Da kaum Fälle denkbar sind, in denen die gesamte Leitungstrasse ausschließlich über Grundstücke der öffentlichen Hand verläuft, werden auch künftig mitunter langwierige Verhandlungen mit Privatpersonen notwendig. Da private Grundstückseigentümer nun wissen, dass die gesetzliche Duldungspflicht ausdrücklich nur für die öffentliche Hand gilt, dürfte deren Verhandlungsposition deutlich gestärkt sein.
Betreibern ist es also auch künftig nicht möglich, ohne eine Vielzahl von Verträgen zur Grundstücksnutzung für die Kabelverlegung ihre Erneuerbare-Energie-Anlagen-Projekte zu realisieren.

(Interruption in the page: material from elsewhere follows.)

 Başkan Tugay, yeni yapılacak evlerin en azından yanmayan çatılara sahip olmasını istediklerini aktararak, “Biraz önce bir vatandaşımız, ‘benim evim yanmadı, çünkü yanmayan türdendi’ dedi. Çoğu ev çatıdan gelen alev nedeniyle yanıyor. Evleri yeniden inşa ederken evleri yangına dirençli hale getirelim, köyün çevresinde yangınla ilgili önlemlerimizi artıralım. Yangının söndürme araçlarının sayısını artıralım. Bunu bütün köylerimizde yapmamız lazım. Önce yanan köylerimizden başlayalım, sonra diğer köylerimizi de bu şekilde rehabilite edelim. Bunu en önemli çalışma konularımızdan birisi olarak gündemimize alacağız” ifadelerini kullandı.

Darüber hinaus konnten auch die bereits im Zusammenhang mit dem ursprünglichen Entwurf aufgeworfenen möglichen Folgefragen durch die Anpassungen im Rahmen des Gesetzgebungsverfahrens nicht beantwortet werden. Denn mit Ausnahme der Einschränkung der Duldungspflichten auf Grundstücke im Eigentum der öffentlichen Hand handelt es sich ansonsten überwiegend um redaktionelle Änderungen ohne große inhaltliche Auswirkungen.

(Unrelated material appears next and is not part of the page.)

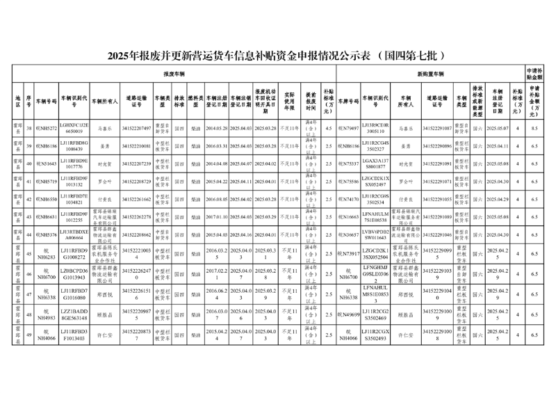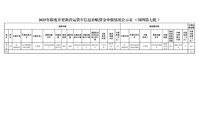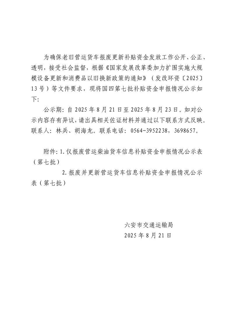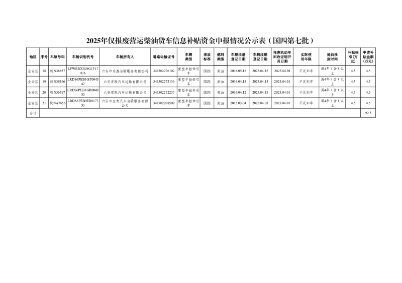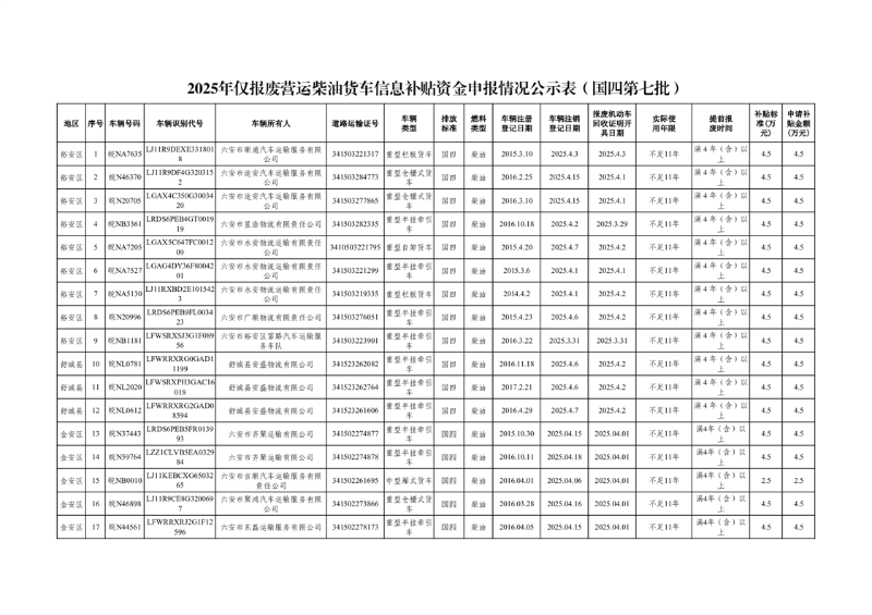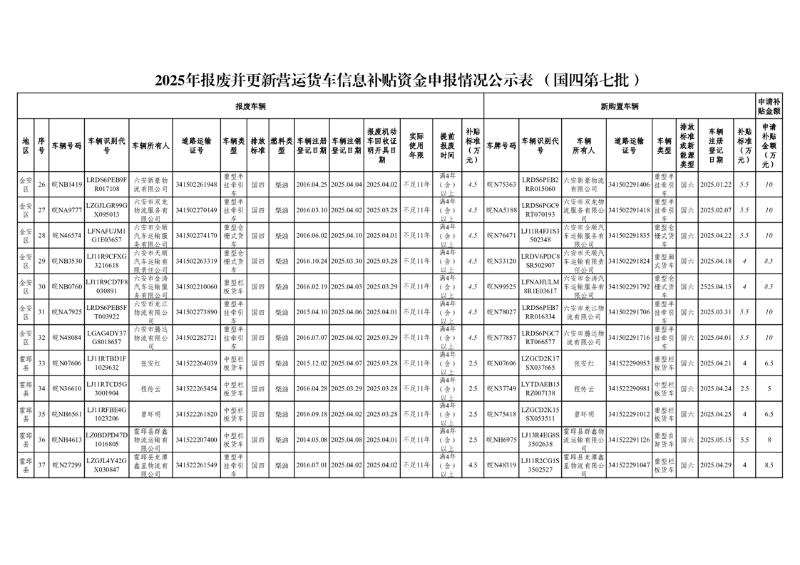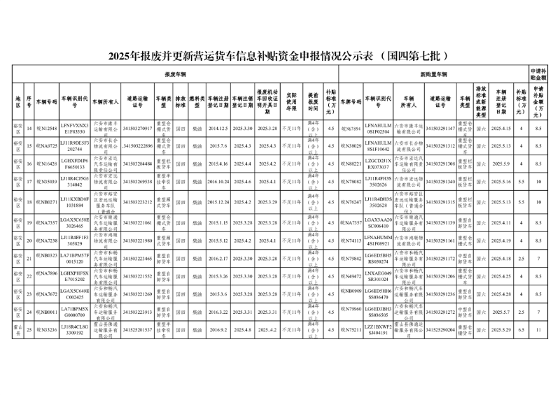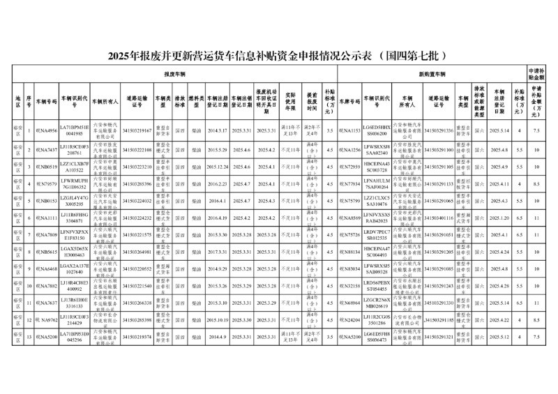 关于2025年六安市老旧营运货车报废更新补贴资金申报情况的公示(国四第七批)
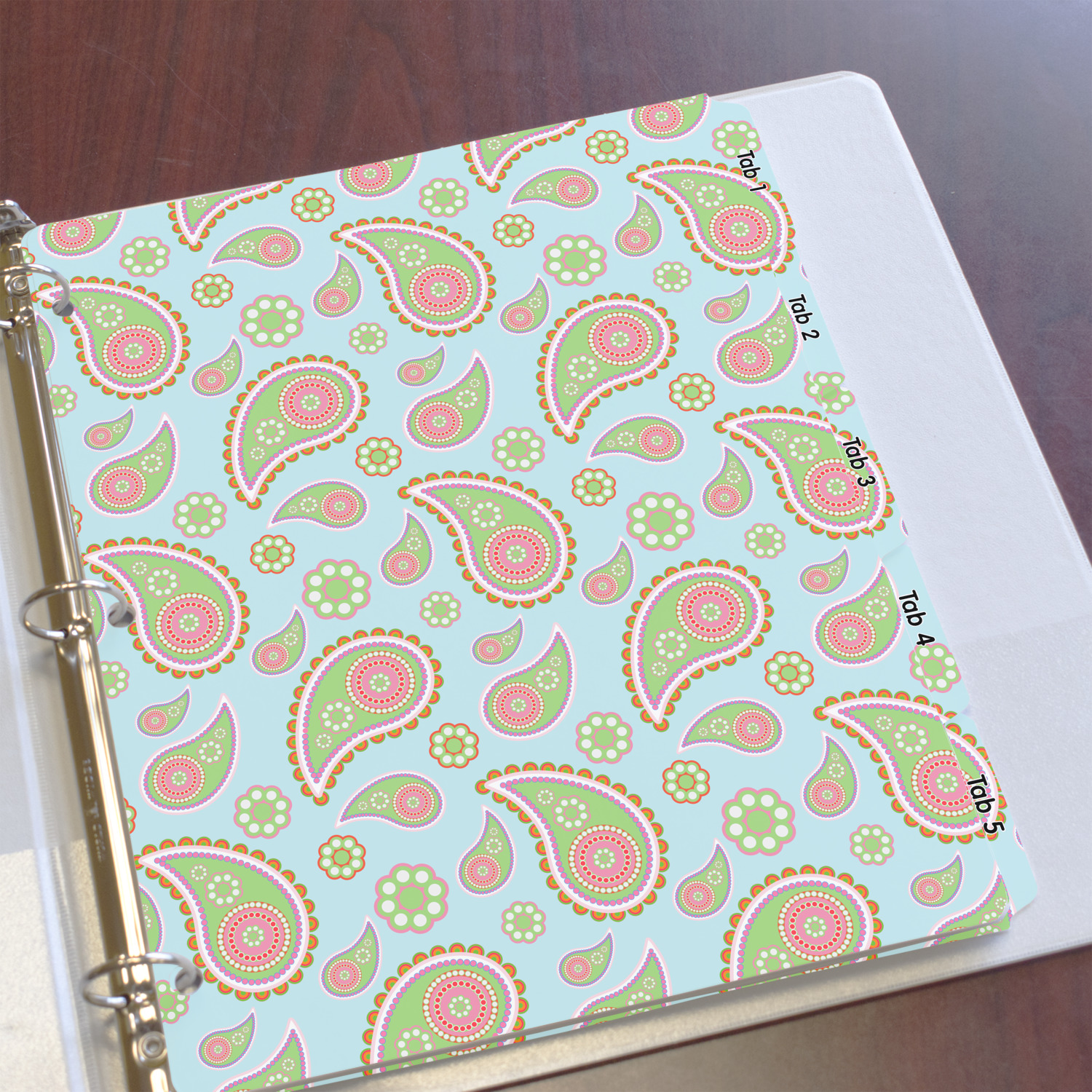 Whether you use binders at school or at work, we have designs to suit all of them. Available in 5 or 6 tab sets, you are sure to find a set to suit your needs. The back of each one is white and can be used to take notes, write vital information on, etc.

Beschleunigende Ausnahme für die Energiewende?
Da der Bundesrat dem Gesetzesentwurf zugestimmt hat, ohne den Vermittlungsausschuss anzurufen, wird das Gesetz nach Ausfertigung und Verkündung (vorbehaltlich einzelner EU-rechtlich erforderlicher Genehmigungen) in Kürze in Kraft treten.
Dass die nunmehr auf die öffentliche Hand beschränkte Duldungspflicht den Ausbau erneuerbarer Energien wesentlich vereinfachen oder beschleunigen wird, erscheint zweifelhaft. Es bleibt, die tatsächlichen Entwicklungen und Umsetzung der neuen Regelungen in der Praxis zu beobachten und abzuwarten, ob bzw. wie der Gesetzgeber künftig weiter auf diese Thematik reagieren wird. Dass hier doch noch einmal nachjustiert wird, scheint insbesondere wegen der Bedeutung des Ausbaus Erneuerbarer Energien und den ursprünglichen Bestrebungen, auch private Grundstückseigentümer zur Duldung zu verpflichten, zumindest nicht ausgeschlossen.